Il serait inéquitable de laisser à la charge de Monsieur [C] l'intégralité des sommes non comprises dans les dépens qu'il a été contraint d'avancer pour la défense de ses intérêts en justice. Monsieur [V], sera condamné à payer à Monsieur [C] la somme de 2.000 euros en application de l'article 700 du code de procédure civile.

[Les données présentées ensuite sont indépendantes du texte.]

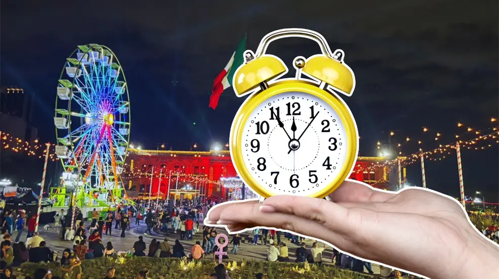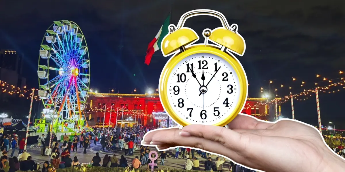 Un reloj y de fondo las atracciones de la MacroNavidad 2025 en Nuevo León. Foto: Composición Canva I POSTA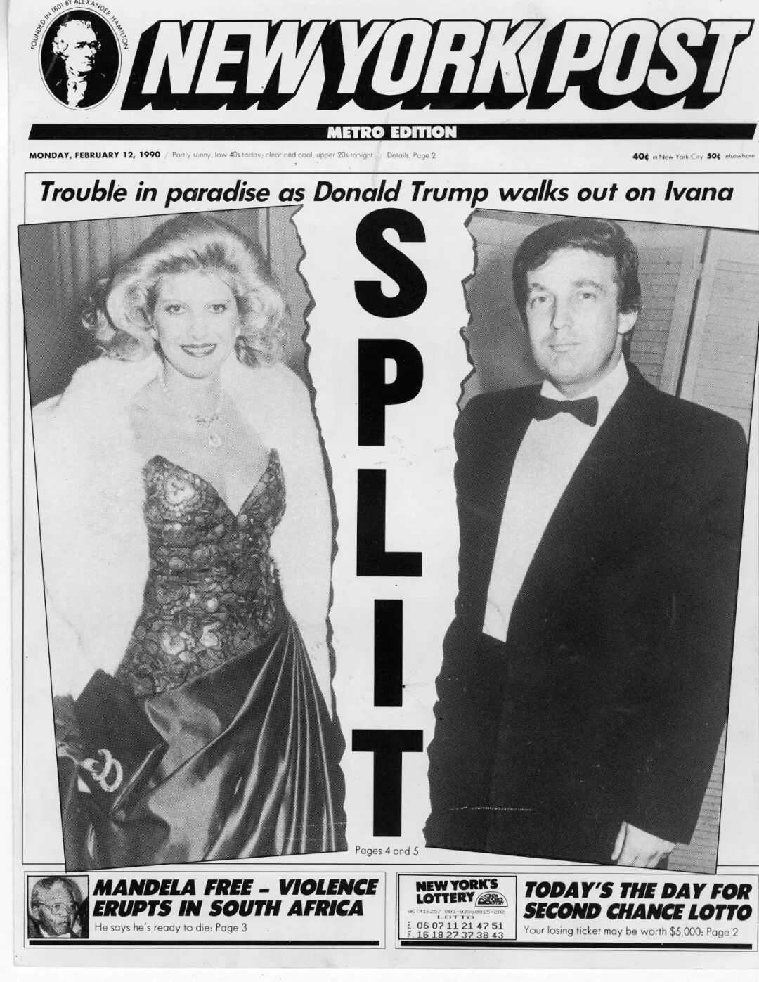 法院于1990年12月批准这对夫妇离婚,理由是特朗普的残忍和不人道待遇。接下来就是财产争夺,伊万娜坚持让特朗普给她一半的财产。

Enfin, conformément à l’article 514 du code de procédure civile, il convient de rappeler que la présente décision est assortie de l’exécution provisoire de droit.
PAR CES MOTIFS
Le Tribunal statuant après débats en audience publique, par jugement contradictoire, rendu en dernier ressort,
PRONONCE la résolution de la vente portant sur le véhicule de marque MERCEDES modèle CLASSE E E220 CDI, immatriculé [Immatriculation 7], intervenue le 11 août 2020 entre Monsieur [T] [C] et Monsieur [K] [V] ;
CONDAMNE Monsieur [K] [V] à verser à Monsieur [T] [C] la somme principale de 2.500 euros sur le fondement de la garantie des vices cachés ;
DIT que Monsieur [T] [C] sera tenu de restituer le véhicule litigieux à Monsieur [K] [V] qui devra le récupérer à ses frais, en quelque lieu où il se trouve, dans le délai d'un mois après la restitution du prix principal ;
CONDAMNE Monsieur [K] [V] à verser à Monsieur [T] [C] la somme de 942,86 euros en réparation de son préjudice matériel et celle de 800 € au titre de son trouble de jouissance ;
REJETTE la demande indemnitaire de Monsieur [T] [C] au titre des cotisations d'assurance ;
CONDAMNE Monsieur [Y] [P] à garantir Monsieur [K] [V] des condamnations prononcées à son encontre au profit de Monsieur [T] [C], en ce compris l'indemnité fondée sur l'article 700 du code de procédure civile outre les dépens ;
CONDAMNE Monsieur [K] [V] à régler à Monsieur [T] [C] une indemnité de 2.000 euros en application de l'article 700 du code de procédure civile ;
DÉBOUTE les parties de leurs demandes plus amples ou contraires ;
CONDAMNE Monsieur [K] [V] aux dépens de l'instance, en ce compris les dépens de la procédure de référé expertise ;
RAPPELLE que la présente décision est assortie de l’exécution provisoire de droit ;
Ainsi jugé et prononcé publiquement par mise à disposition de la décision au greffe, les parties en ayant été préalablement avisées conformément à l’alinéa 2 de l’article 450 du code de procédure civile et, après lecture, la minute a été signée par le juge et le greffier présent lors de la mise à disposition.